Brasília - O presidente nacional da Ordem dos Advogados do Brasil (OAB), Ophir Cavalcante, afirmou hoje (27) que a proposta de monitoramento eletrônico de presos, aprovada pelo Senado na semana passada, não tem eficácia. Em entrevista ao programa Revista Brasil, da Rádio Nacional AM, Cavalcante criticou a falta de investimento do governo para reintegrar o presidiário à sociedade. “Enquanto não houver políticas de reinserção social, todos esses movimentos serão meramente paliativos, apenas para inglês ver, como diz o ditado popular”.

O advogado acredita que o governo não tem condições de colocar a medida em prática. “Se o Estado brasileiro infelizmente mal consegue, dentro do próprio sistema penitenciário, conferir dignidade e reinserir socialmente essas pessoas, imagine com 80 mil pessoas postas na rua sem qualquer política de reinserção social”, defendeu.

Cavalcante disse ainda que o acompanhamento psicológico de condenados no Brasil é deficiente e citou o caso do pedreiro Adimar Jesus da Silva, que matou seis adolescentes em Luziânia (cidade a 58 quilômetros de Brasília) uma semana depois de ser libertado. “Isso é tirar o leão da jaula e jogar na sociedade sem qualquer tratamento”, alertou.

A OAB considera que o uso da pulseira fere a dignidade do ser humano e prejudica ainda mais a reintegração do preso na sociedade.
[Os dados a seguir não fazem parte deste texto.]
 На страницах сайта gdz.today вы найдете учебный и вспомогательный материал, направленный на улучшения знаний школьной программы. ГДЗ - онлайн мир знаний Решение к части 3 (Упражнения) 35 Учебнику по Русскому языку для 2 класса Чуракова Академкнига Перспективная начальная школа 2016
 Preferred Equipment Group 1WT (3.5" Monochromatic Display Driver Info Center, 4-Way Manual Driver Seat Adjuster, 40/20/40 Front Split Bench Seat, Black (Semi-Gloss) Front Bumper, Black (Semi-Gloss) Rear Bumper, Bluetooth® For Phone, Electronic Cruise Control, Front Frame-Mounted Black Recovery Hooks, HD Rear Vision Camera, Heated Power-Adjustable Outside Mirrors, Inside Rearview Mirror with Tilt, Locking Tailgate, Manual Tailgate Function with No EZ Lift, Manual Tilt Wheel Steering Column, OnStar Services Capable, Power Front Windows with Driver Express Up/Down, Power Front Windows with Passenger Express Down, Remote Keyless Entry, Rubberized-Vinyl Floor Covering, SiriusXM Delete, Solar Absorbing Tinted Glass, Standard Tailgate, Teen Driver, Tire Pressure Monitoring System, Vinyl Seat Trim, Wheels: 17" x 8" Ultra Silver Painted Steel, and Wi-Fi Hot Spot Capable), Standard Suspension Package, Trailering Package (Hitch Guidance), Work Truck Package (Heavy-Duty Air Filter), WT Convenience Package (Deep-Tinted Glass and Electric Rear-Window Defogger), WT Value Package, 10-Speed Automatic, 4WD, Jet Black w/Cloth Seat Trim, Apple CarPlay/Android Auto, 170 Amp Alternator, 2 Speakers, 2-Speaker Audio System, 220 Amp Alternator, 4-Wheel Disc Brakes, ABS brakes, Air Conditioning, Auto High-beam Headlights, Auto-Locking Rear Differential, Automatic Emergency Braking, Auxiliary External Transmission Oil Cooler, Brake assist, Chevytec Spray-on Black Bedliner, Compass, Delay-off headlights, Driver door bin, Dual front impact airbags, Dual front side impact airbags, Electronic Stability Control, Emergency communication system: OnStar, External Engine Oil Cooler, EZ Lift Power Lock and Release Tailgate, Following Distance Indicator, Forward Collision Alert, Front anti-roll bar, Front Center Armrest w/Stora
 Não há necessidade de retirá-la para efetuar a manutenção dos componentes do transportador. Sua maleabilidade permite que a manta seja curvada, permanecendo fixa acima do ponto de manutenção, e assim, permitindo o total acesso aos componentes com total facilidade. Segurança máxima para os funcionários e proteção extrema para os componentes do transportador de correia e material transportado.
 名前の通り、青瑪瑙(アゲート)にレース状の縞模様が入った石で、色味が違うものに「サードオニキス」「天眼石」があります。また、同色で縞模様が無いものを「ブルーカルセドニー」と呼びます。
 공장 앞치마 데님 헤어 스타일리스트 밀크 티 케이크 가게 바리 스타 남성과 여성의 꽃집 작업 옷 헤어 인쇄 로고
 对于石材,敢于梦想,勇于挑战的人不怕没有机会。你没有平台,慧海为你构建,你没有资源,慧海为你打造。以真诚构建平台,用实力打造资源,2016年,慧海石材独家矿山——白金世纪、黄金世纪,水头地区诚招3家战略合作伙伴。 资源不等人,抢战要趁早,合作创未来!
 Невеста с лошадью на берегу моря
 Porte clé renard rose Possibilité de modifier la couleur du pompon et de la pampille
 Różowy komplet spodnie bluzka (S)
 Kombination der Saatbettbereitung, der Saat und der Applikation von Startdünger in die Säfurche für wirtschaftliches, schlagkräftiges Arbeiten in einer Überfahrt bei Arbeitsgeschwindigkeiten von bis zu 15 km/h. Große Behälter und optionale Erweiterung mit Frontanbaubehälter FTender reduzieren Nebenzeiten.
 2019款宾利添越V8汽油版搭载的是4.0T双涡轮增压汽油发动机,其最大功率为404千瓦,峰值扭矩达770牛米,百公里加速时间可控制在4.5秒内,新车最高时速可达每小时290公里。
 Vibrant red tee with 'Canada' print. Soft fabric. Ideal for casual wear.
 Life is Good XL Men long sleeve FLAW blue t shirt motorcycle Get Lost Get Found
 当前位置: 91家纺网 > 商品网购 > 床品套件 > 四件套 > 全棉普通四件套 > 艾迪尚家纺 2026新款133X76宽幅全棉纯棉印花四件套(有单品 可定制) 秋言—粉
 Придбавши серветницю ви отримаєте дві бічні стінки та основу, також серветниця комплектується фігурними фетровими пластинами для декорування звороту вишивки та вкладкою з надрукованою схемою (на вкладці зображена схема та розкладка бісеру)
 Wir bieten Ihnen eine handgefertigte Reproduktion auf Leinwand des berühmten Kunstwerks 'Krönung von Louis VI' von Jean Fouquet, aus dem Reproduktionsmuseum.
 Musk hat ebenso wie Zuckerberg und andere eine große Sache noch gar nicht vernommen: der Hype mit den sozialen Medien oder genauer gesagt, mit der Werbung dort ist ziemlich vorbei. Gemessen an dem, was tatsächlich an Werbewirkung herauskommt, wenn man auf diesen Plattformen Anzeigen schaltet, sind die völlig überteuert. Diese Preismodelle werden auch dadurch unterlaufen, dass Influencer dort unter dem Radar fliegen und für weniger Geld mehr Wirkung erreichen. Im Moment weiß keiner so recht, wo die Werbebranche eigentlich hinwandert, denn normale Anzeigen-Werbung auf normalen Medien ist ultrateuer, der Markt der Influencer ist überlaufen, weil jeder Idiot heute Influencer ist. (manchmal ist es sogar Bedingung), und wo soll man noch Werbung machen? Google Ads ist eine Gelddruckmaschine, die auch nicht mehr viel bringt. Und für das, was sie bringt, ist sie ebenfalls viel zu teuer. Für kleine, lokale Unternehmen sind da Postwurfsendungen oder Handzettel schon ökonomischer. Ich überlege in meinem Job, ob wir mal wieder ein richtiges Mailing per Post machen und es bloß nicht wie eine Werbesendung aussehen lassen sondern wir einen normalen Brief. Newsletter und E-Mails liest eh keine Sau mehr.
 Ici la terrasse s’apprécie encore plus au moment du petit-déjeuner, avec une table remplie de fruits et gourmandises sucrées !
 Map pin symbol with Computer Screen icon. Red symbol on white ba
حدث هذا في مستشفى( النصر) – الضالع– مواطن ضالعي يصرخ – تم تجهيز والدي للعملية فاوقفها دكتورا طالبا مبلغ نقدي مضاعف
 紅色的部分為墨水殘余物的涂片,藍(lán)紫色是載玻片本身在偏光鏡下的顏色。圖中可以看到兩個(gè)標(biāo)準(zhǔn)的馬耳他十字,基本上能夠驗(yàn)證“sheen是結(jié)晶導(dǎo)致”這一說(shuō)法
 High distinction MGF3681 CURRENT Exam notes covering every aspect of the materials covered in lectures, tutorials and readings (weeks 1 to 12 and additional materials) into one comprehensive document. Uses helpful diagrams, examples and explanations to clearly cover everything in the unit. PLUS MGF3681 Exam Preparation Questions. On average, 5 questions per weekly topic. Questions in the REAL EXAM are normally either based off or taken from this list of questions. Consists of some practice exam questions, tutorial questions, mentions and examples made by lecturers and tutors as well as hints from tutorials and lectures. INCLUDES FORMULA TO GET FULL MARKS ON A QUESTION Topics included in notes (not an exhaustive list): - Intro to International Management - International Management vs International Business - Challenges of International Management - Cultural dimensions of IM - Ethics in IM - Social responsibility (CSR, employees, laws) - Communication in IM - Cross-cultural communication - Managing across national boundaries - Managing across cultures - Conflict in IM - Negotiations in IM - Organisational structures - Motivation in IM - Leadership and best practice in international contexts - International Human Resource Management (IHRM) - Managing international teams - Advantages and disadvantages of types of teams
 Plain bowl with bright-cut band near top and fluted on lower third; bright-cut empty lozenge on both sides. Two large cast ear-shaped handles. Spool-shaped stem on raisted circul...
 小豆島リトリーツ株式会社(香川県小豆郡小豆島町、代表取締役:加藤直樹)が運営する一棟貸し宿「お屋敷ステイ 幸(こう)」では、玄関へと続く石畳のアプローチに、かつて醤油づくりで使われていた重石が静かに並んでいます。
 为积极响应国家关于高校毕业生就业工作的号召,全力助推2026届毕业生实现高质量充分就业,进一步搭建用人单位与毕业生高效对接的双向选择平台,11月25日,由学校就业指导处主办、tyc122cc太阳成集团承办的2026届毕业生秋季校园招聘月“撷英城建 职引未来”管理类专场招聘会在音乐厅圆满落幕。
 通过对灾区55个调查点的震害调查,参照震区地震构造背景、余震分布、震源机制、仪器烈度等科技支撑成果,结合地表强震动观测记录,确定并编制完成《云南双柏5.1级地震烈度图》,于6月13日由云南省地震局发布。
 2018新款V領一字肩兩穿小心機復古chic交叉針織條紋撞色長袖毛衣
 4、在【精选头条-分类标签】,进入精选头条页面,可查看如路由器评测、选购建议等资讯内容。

De acordo com Cavalcante, “estando com a tornozeleira, as pessoas estão impedidas de ser inseridas socialmente porque vão ter um estigma”.

O presidente da Ordem avaliou que a redução no custo do preso, de R$ 1,6 mil para R$ 400 mensais, não deve ser levada em conta. “Essa coisificação do homem pelo que ele representa em termos de custo para o Estado não pode ser a lógica num país democrático. A lógica deve ser o cidadão acima de tudo”.

O projeto que prevê a liberdade e o rastreamento eletrônico, por meio de uma pulseira, de aproximadamente 80 mil presos foi aprovado pelo Senado Federal no dia 19 deste mês e precisa ser sancionado pelo presidente Luiz Inácio Lula da Silva. A pulseira deverá ser usada por condenados que progridam para o regime aberto ou semi-aberto ou em casos de saídas temporárias, como Natal e Dia das Mães.